Can Xue's stories collected here are expeditions into the literary fantastic: unaccountable states in which the impossible is commonplace, and the reactions of commonplace people are nothing like normal. Beautiful flowers grow downward into the earth, never seen. Children eagerly consume invisible cotton candy. An articulate cat frets about the midnight visits its owner receives from a hostile figure. The setting is modern China, the city and the country, but the strangenesses are all Xue's own.

Certain motifs are common: motion, often intrusion, into excluded or private spaces; apprehension without seeing, where motion is monitored in nearby but invisible spaces; peculiar family members, friends, or acquaintances, often respected elders, hold clues to events. A sense of discomfort or paranoia is usual. Emotional responses seem out of proportion to what Xue describes.

"Red Leaves," featured in this issue of Belletrista, is typical. Teacher Gu's suspicion of "catmen" seems to arise from nowhere. Vaguely sinister doctors pass unseen in the halls. Another patient is replaced with a pig—no explanation. Gu's former student visits, wearing an opera mask. The season changes by surprise, supplying beautiful red autumn leaves.

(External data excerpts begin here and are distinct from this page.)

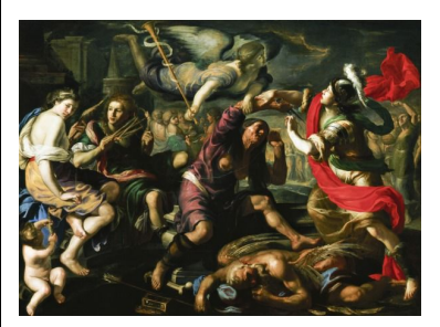
Found in Gallery 202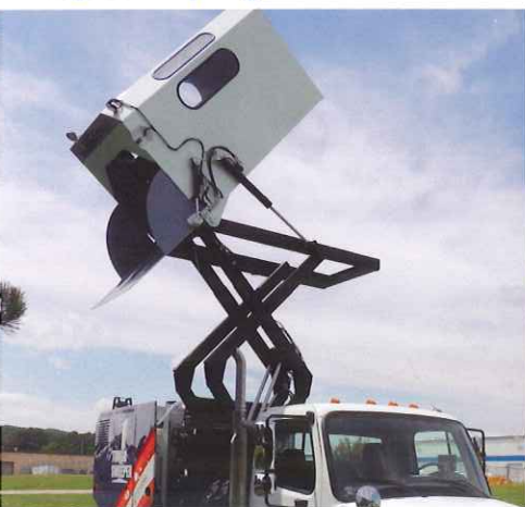
49" Diameter Side Broom(s) with Gutter Broom Extension Override.

Easy to use backlit switches with text and icon labels.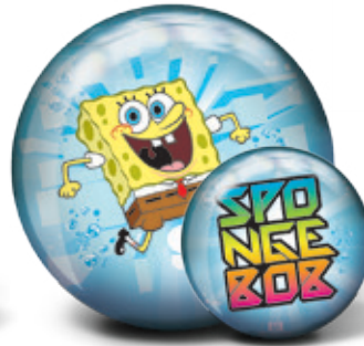
SPONGE BOB® BLUE - NEW 60-400594-93X - U.S. only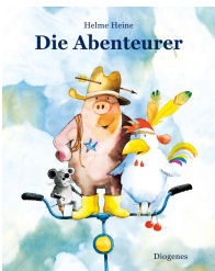
The Adventurers 28 pages, 22 x 27.5 cm 1994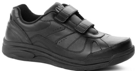
Tyler H&LUA001 BK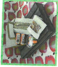
Tuna Mayo Sandwich (G.SB.S.F.E.D.M.) Veg Sticks, (v) Orange/Lemon Drizzle Cake (F.G.) and Juice Cup

Week 1 w/c 15/5, 5/6, 26/6, 17/7, 4/9, 25/9, 16/10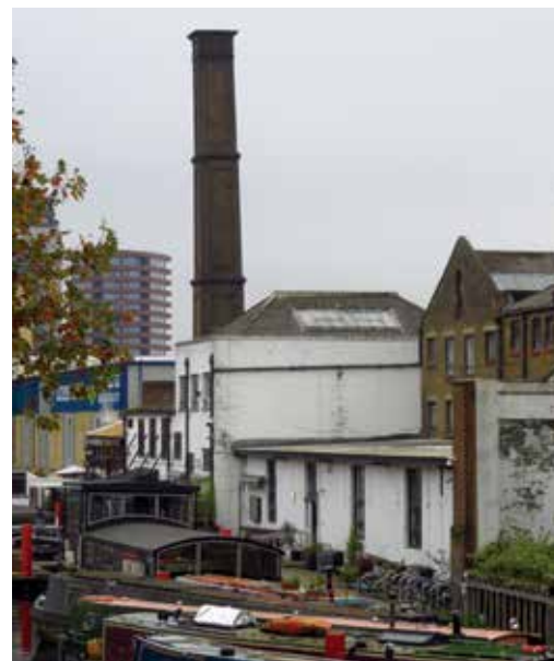
Left: Holborn Studios Eagle Wharf Road entrance. Photo Paul Bolding. Right: Holborn Studios from the canalside showing the historic chimney. Photo Paul Bolding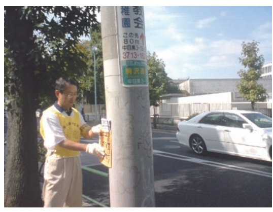
Campaign to remove illegal advertising

Since 2007, cooperative efforts to remove illegal signs along the course of the Tokyo Marathon before the holding of the marathon have also been conducted.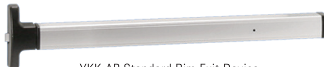
YKK AP Standard Rim Exit Device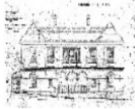
Old Supreme Court - Ballarat Conservation Study, 1978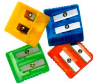
Sharpener, 2 holes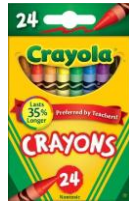
1 box of Crayola crayons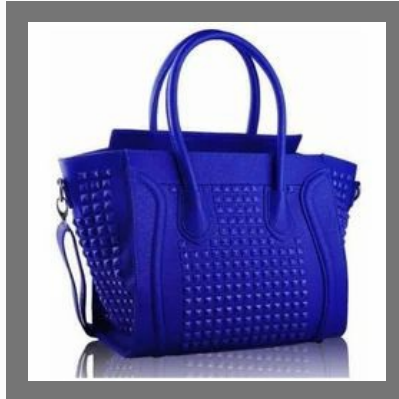
Leather Ladies Bag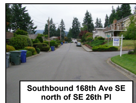
Southbound 168th Ave SE north of SE 26th PI

Please feel free to contact Brian Casey at bcasey@bellevuewa.gov or 425-452-6867 if you feel your neighborhood would benefit from participating in the programs or recommendations listed above.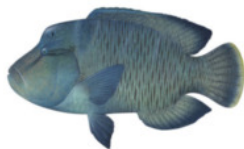
Humphead Maori wrasse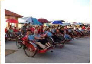
APPLE APAC 22/1/2016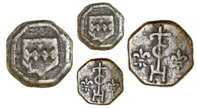
186 Sark , Amice de Carteret, octagonal token, c. 1600, 6.04g/6h (N 6367; D Uncertain 89D). Good fine, very rare

Provenance: Bt R. Gladdle February 2003.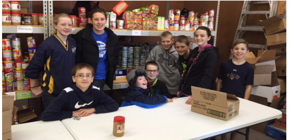
The Gunter Middle School class worked at the warehouse on Friday, January 15th. As they unpacked and shelved food, they said they unpacked 1,040 cans of tuna!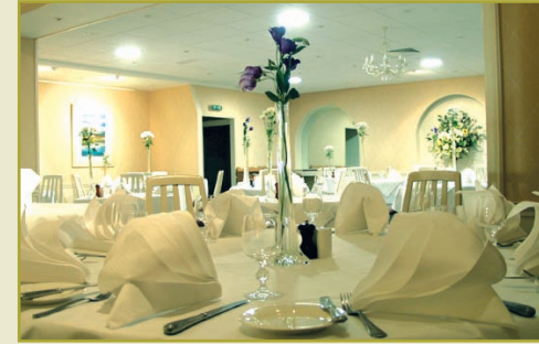
Restaurant - The Green Hotel

There are 46 double and twin-bedded rooms at The Green Hotel and 45 at The Windlestrae. With so much to do at the hotel, you may not want to spend much time in your bedroom while you are here, but if you do – they're all equipped with hospitality tray, direct dial telephone, trouser press, hairdryer, television and wireless internet access.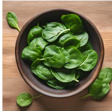
SPINACH SZPINAK ESPINAFRES SPANAC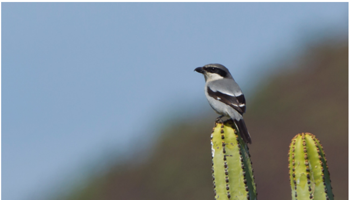
Southern Grey Shrike, Punta de la Rasca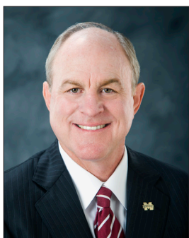
Ben Howland Head Coach 2nd Year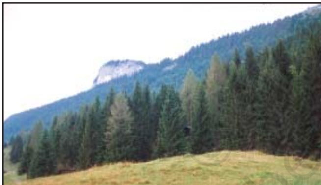
Fig. 6.13 (a): A Coniferous Forest

Taiga means pure or untouched in the Russian language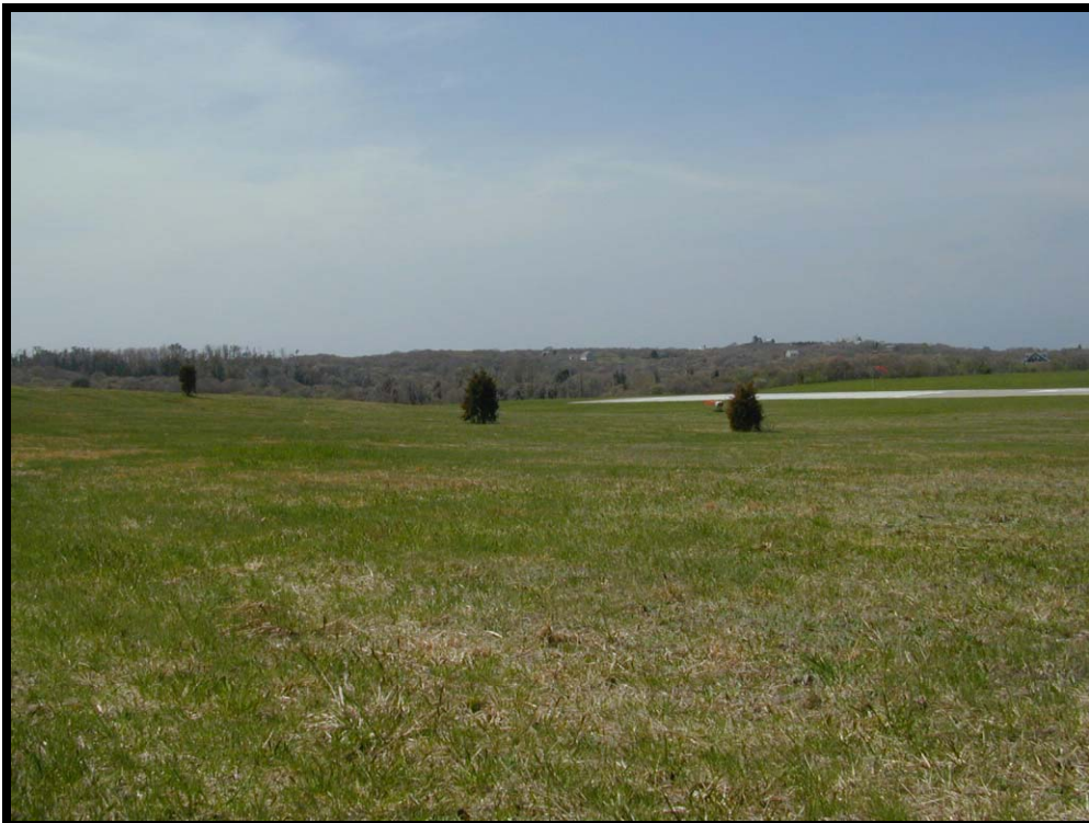
Photograph 6 Managed Grassland (annually mowed)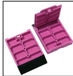
Cat # G1-CSC-100LC Description: Lilac Chambered Cassette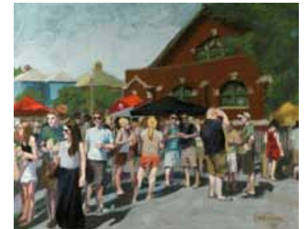
KRISTIN DIVERS Wexford, PA Phoenix Theatre Rising 20 x 16 $800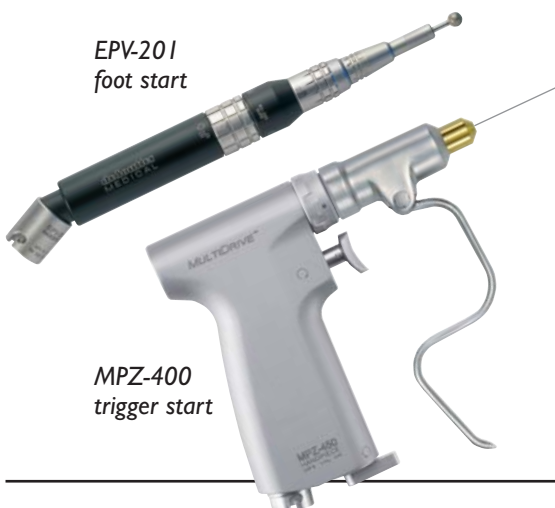
MPZ-400 trigger start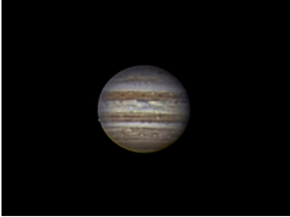
10" refractor image by Scott Tucker

So why would someone buy an achromatic refractor versus a reflector in the moderate price range (say, under $1000)? We primarily recommend achromats for people who want to do terrestrial observing as well as stargazing. This is because a refractor gives a correct image while a reflector inverts the view. But for just stargazing, you can get more aperture and a higher-contrast view for the money with a reflector.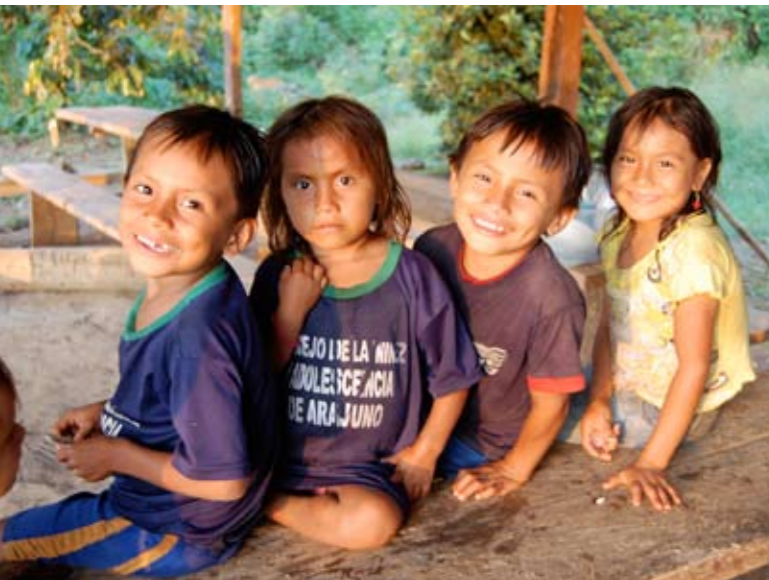
Kichwa Children of Curaray: Amazon region, Ecuador

“Ultimately, participation implies the right that indigenous peoples and forest-dwellers have to decide, in an informed manner and on their own terms, whether or not to participate in REDD+.”

The book's blurb calls Xue a "master of the dreamscape," and the dream is an irresistible lens for approaching these stories. But unlike that friend who bores you with recitations of dreams having only personal meaning, Xue's stories are actually interesting.

The task of translation must have been very difficult—Karen Gernant and Chan Zeping have produced a slightly cracked English that fits the stories well. I am reminded in some inexplicable way of the American writer Kelly Link, who, although differently in numerous ways, writes with a similar insistence on the quotidian nature of the fantastic. Why wouldn't an upper-story apartment sometimes be floating in midair? Although it's not for everyone, this is a book for those of us who like puzzling over unanswerable mysteries.